• **PROBLEM TO WORK ON**
Exactly as they appear, retype the lines from the one containing "赛后,谷爱凌更新社媒,庆祝这" through the final line of the data below. Leave pictures out.

• **STORED DATA**

# # # #

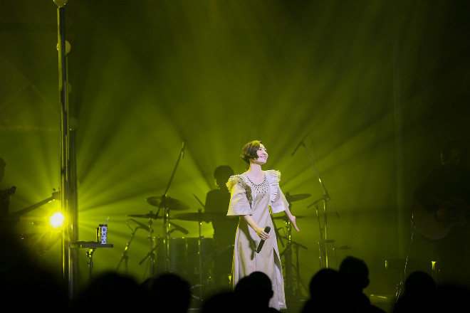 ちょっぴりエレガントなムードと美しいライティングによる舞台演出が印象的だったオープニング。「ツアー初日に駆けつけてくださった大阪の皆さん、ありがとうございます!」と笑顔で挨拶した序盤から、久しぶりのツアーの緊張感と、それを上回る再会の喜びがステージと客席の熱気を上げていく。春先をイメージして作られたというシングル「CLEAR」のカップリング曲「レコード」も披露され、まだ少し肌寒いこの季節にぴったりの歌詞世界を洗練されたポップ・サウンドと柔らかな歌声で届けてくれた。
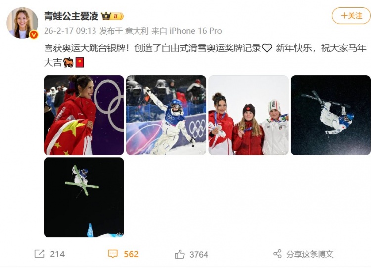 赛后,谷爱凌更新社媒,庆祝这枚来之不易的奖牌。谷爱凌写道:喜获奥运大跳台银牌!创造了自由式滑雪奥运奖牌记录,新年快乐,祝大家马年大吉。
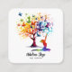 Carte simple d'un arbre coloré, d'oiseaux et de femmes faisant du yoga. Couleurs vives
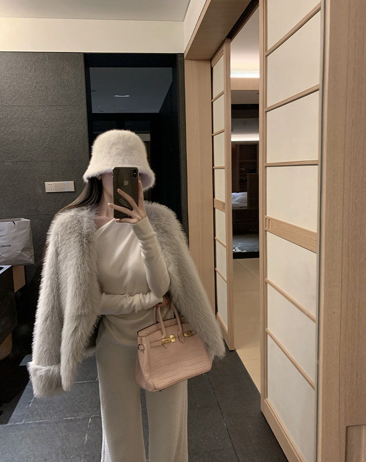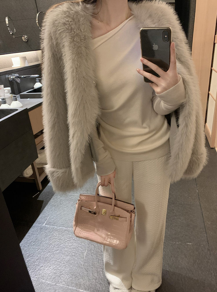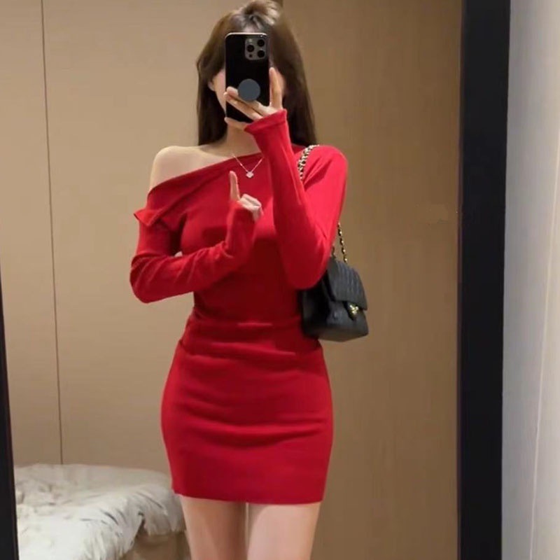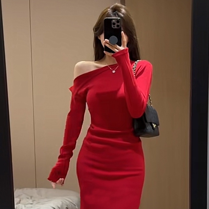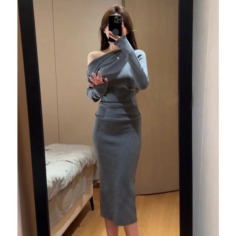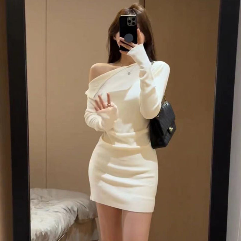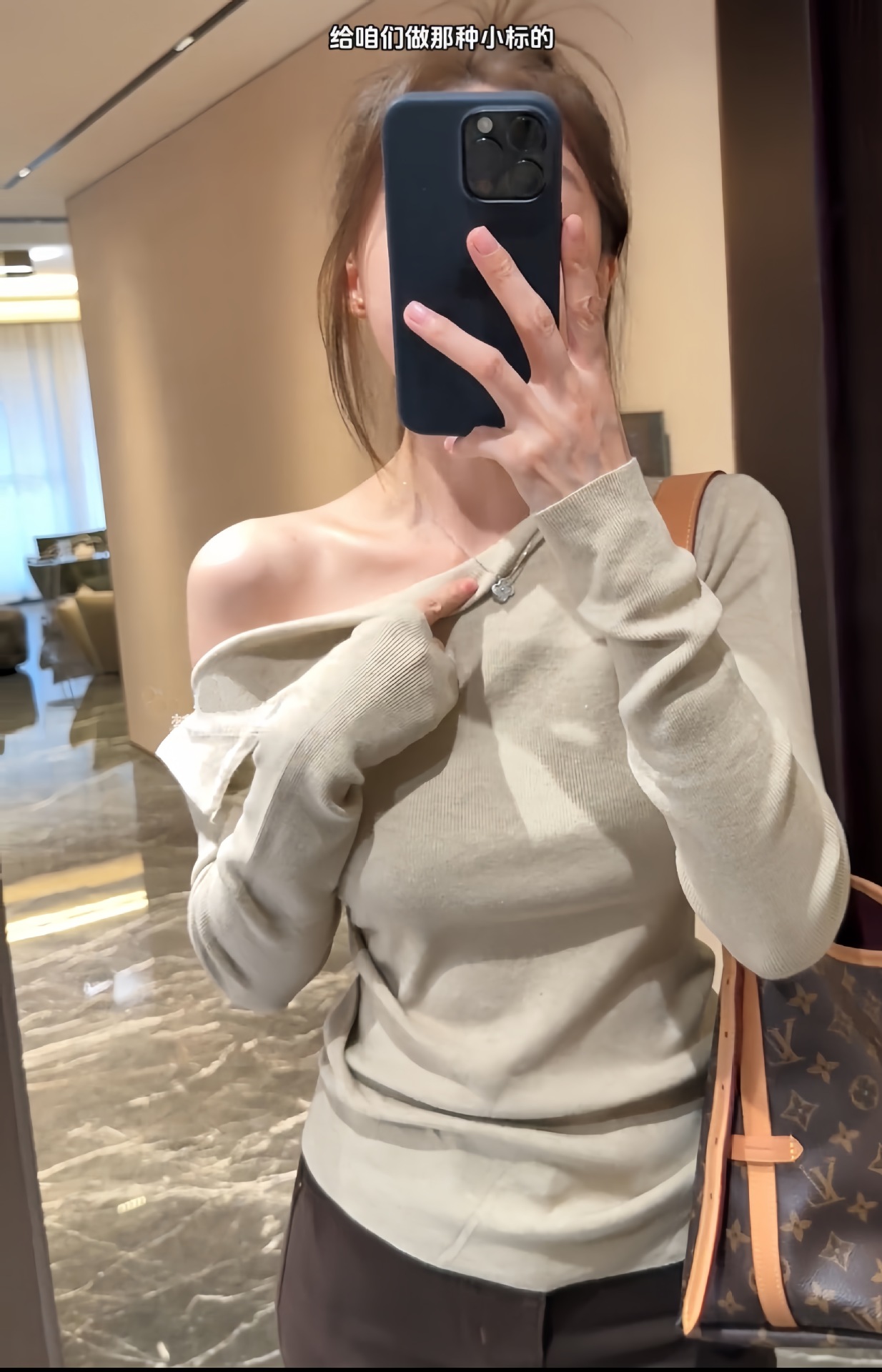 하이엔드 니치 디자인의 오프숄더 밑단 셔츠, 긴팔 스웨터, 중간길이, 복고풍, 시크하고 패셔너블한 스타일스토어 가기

# # # #

• **WRITTEN RESPONSE**
 赛后,谷爱凌更新社媒,庆祝这枚来之不易的奖牌。谷爱凌写道:喜获奥运大跳台银牌!创造了自由式滑雪奥运奖牌记录,新年快乐,祝大家马年大吉。
 Carte simple d'un arbre coloré, d'oiseaux et de femmes faisant du yoga. Couleurs vives
 하이엔드 니치 디자인의 오프숄더 밑단 셔츠, 긴팔 스웨터, 중간길이, 복고풍, 시크하고 패셔너블한 스타일스토어 가기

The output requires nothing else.